Chapter 24

Chapter 24


What does it mean when a system sends an initial SYN segment with a window scale factor of 0?


It means the sending TCP supports the window scale option, but doesn't need to scale its window for this connection. The other end (that receives this SYN) can then specify a window scale factor (that can be 0 or nonzero).


If the host bsdi in Figure 24.7 supported the window scale option, what is the expected value of the 16-bit window size field in the TCP header from vangogh in segment 3? Similarly, if the option were in use for the second connection in that figure, what would be the advertised window in segment 13?


64000: the receive buffer size (128000) right shifted 1 bit. 55000: the receive buffer size (220000) right shifted 2 bits.


Instead of fixing the window scale factor when the connection is established, could the window scale option have been defined to also appear when the scaling factor changes?


No. The problem is that acknowledgments are not reliably delivered (unless they're piggybacked with data) so a scale change appearing on an ACK could get lost.


At what data rate does sequence number wrap become a problem, assuming an MSL of 2 minutes?


2 32 — 8 / 120 equals 286 Mbits/sec, 2.86 times the FDDI data rate.


PAWS is defined to operate within a single connection only. What modifications would have to be made to TCP to use PAWS as a replacement for the 2MSL wait (the TIME_WAIT state)?


Each TCP would have to remember the last timestamp received on any connection from each host. Read Appendix B.2 of RFC 1323 for additional details.


In our example at the end of Section 24.4, why did our sock program output the size of the receive buffer before the line that followed (with the IP addresses and port numbers )?


The application must set the size of the receive buffer before establishing the connection with the other end, since the window scale option is sent in the initial SYN segment.


Redo the calculations of the throughput in Section 24.8 assuming an MSS of 1024.


If the receiver ACKs every second data segment, the throughput is 1,118,881 bytes/sec. Using a window of 62 segments, with an ACK for every 31 segments, the value is 1,158,675.


How does the timestamp option affect Karn's algorithm (Section 21.3)?


With this option the timestamp echoed in the ACK is always from the segment that caused the ACK. There is no ambiguity about which retransmitted segment the ACK is for, but the other part of Karn's algorithm, dealing with the exponential backoff on retransmission, is still required.

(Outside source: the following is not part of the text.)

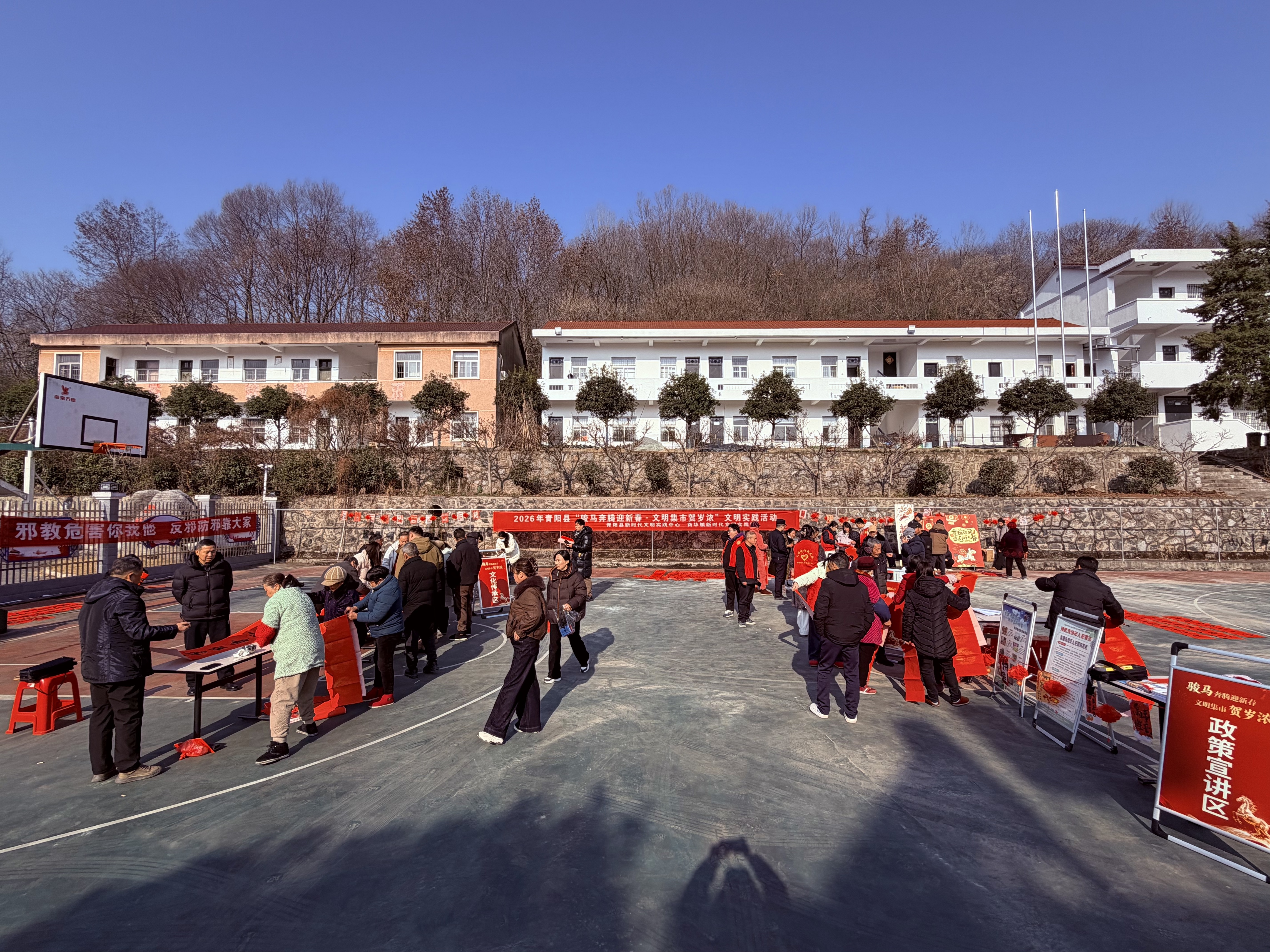 依托新时代文明实践所(站)、党群服务中心、文化广场等阵地,创新多元宣传模式,实现宣传全覆盖、无死角。开展板凳会、庭院宣讲20余次,结合“骏马奔腾迎新春 文明集市贺岁浓”等主题文明实践活动,通过法制宣传、政策宣讲、义诊送暖等形式,传递移风易俗理念。结合廉洁文化建设,打造清风亭1处、廉洁文化景观小品4个、廉洁文化墙绘3处,构建长约10余公里的廉洁文化带,将节俭、孝善、清廉理念融入乡村景观,让群众在耳濡目染中接受文明熏陶。组建广场舞队、锣鼓队等群众文艺队伍,常态化开展惠民演出、农民文化节等活动,以群众喜闻乐见的方式传递正能量。

If TCP sends data with the SYN segment that's generated by an active open (without using the extensions we described in Section 24.7), what does the receiving TCP do with the data?


The receiving TCP queues the data, but it cannot be passed to the application until the three-way handshake is complete: when the receiving TCP moves into the ESTABLISHED state.


In Section 24.7 we said that without the T/TCP extensions, even if the active open is sent with data and a FIN, the client delay in receiving the server's response is still twice the RTT plus SPT. Show the segments to account for this.


Five segments are exchanged:

  1. Client to server: SYN, data (request), and FIN. The server must queue the data as described in the previous exercise.

  2. Server to client: SYN and ACK of client's SYN.

  3. Client to server: ACK of server's SYN and client FIN (again). This causes the server to move to the ESTABLISHED state, and the queued data from segment 1 is passed to the server application.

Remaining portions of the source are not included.